/---
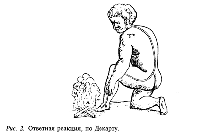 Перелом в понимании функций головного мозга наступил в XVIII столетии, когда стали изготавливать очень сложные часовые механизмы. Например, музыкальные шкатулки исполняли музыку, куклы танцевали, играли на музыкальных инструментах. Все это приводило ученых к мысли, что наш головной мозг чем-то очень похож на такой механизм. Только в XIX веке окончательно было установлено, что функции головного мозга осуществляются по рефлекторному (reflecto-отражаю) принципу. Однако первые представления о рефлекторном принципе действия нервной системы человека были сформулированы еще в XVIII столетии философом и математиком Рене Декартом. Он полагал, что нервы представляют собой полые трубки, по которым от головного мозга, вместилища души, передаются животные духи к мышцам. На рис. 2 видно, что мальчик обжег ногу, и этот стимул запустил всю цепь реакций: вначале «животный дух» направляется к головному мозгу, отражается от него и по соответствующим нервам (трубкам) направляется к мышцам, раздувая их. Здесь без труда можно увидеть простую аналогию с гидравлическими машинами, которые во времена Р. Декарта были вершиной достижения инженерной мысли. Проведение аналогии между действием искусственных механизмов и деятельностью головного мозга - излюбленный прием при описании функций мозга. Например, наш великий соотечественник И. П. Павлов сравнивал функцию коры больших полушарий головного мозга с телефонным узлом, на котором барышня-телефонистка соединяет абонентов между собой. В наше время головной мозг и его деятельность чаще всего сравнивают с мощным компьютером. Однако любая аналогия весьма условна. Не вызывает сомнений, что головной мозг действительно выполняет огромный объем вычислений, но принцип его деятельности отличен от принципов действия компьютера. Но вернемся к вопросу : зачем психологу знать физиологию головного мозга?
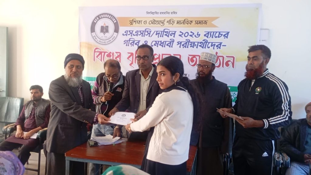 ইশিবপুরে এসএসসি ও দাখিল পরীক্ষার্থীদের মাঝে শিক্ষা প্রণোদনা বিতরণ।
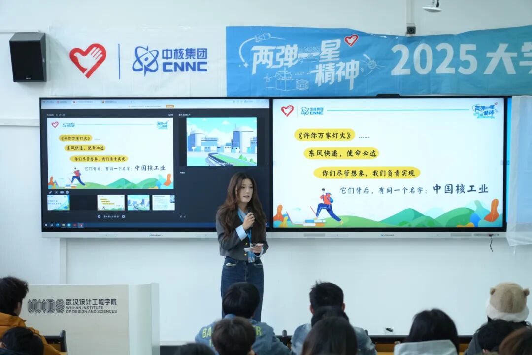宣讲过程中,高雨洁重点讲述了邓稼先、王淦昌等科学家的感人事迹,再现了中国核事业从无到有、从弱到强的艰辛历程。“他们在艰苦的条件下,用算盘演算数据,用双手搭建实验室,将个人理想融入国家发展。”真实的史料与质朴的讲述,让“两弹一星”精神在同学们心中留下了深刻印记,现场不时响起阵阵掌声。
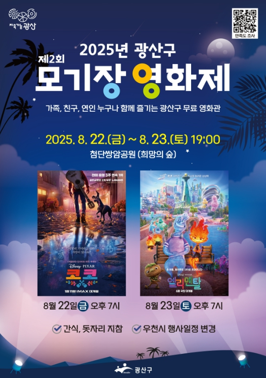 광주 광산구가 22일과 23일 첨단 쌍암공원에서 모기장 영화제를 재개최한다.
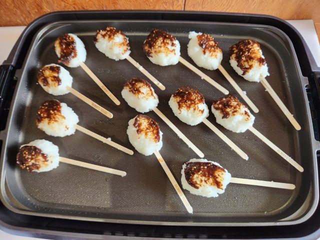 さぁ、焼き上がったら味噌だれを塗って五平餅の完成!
\---
Aim of the task. With the pictures excluded, the records are to be reproduced exactly.

Solution to the exercise.
 Перелом в понимании функций головного мозга наступил в XVIII столетии, когда стали изготавливать очень сложные часовые механизмы. Например, музыкальные шкатулки исполняли музыку, куклы танцевали, играли на музыкальных инструментах. Все это приводило ученых к мысли, что наш головной мозг чем-то очень похож на такой механизм. Только в XIX веке окончательно было установлено, что функции головного мозга осуществляются по рефлекторному (reflecto-отражаю) принципу. Однако первые представления о рефлекторном принципе действия нервной системы человека были сформулированы еще в XVIII столетии философом и математиком Рене Декартом. Он полагал, что нервы представляют собой полые трубки, по которым от головного мозга, вместилища души, передаются животные духи к мышцам. На рис. 2 видно, что мальчик обжег ногу, и этот стимул запустил всю цепь реакций: вначале «животный дух» направляется к головному мозгу, отражается от него и по соответствующим нервам (трубкам) направляется к мышцам, раздувая их. Здесь без труда можно увидеть простую аналогию с гидравлическими машинами, которые во времена Р. Декарта были вершиной достижения инженерной мысли. Проведение аналогии между действием искусственных механизмов и деятельностью головного мозга - излюбленный прием при описании функций мозга. Например, наш великий соотечественник И. П. Павлов сравнивал функцию коры больших полушарий головного мозга с телефонным узлом, на котором барышня-телефонистка соединяет абонентов между собой. В наше время головной мозг и его деятельность чаще всего сравнивают с мощным компьютером. Однако любая аналогия весьма условна. Не вызывает сомнений, что головной мозг действительно выполняет огромный объем вычислений, но принцип его деятельности отличен от принципов действия компьютера. Но вернемся к вопросу : зачем психологу знать физиологию головного мозга?
 ইশিবপুরে এসএসসি ও দাখিল পরীক্ষার্থীদের মাঝে শিক্ষা প্রণোদনা বিতরণ।
宣讲过程中,高雨洁重点讲述了邓稼先、王淦昌等科学家的感人事迹,再现了中国核事业从无到有、从弱到强的艰辛历程。“他们在艰苦的条件下,用算盘演算数据,用双手搭建实验室,将个人理想融入国家发展。”真实的史料与质朴的讲述,让“两弹一星”精神在同学们心中留下了深刻印记,现场不时响起阵阵掌声。
 광주 광산구가 22일과 23일 첨단 쌍암공원에서 모기장 영화제를 재개최한다.
 さぁ、焼き上がったら味噌だれを塗って五平餅の完成!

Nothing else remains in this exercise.